Un rossore per nulla rampante.

Sì, Suzuka, le solite cose di questa F1 che piange con sbrigativa partecipazione una sfortunata e coraggiosa ragazza che non c’è più.

Maria de Villota.

Si è spenta stamane, in una stanza d’albergo, a Siviglia, sembra per cause naturali.

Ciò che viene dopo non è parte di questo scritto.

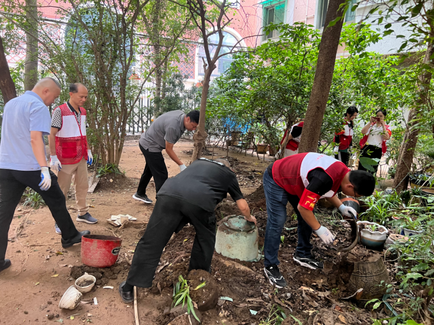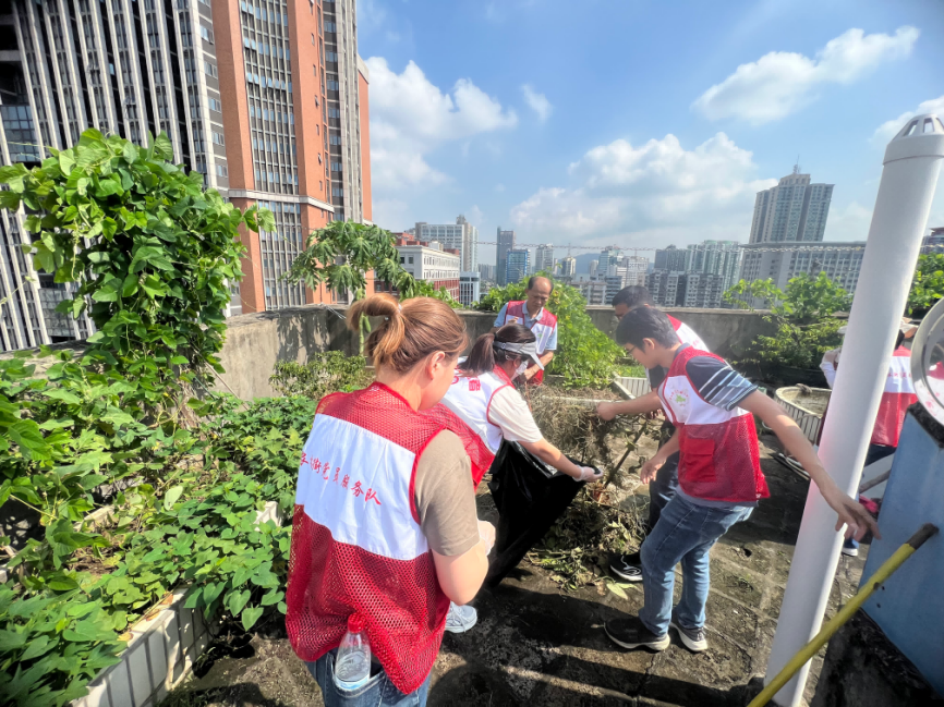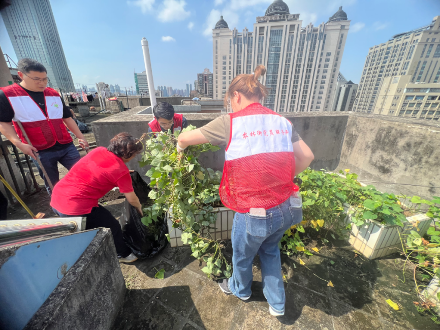 农林街广泛发动社区工作人员、小区物业、机团单位、党员志愿者、居民群众参与此次爱卫行动,集中清理居民楼天台、小区花园、绿化带、卫生死角等区域,并同步开展入户宣传,号召人人齐参与,共筑“两热”防线。

E allora penso a questa tenera e dolce donna sfortunata che ha passato la vita cullando il sogno di arrivare in F1, che quando ci è arrivata è finita immancabilmente in un team di serie D, che nel team di serie D è stata messa a fare i test più mortificanti che ci siano, quelli di aerodinamica, che durante un test si è quasi ammazzata finendo rovinosamente contro il portellone di un tir in un circuito di serie B con un box che neanche i go-kart elettrici a Riccione, vittima di un incidente da casello dell’autostrada. Penso che in quel devastante impatto ha perso un occhio, che le hanno ricostruito il viso, la fronte, il cranio, penso ai 140 punti per ricomporre il puzzle del suo sorriso, penso che tornata in pubblico ha sfoggiato con coraggio e bellezza una benda sull’occhio destro perso per sempre, che è diventata ambasciatrice della sicurezza e della vita, che ha detto “credo nel destino e ora sento di poter offrire agli altri più di quanto davo in passato”, che ha urlato “la vita è bella”, che ha scritto un libro nonostante i devastanti mal di testa che la tormentavano, che l’ha intitolato “La vita è un dono”.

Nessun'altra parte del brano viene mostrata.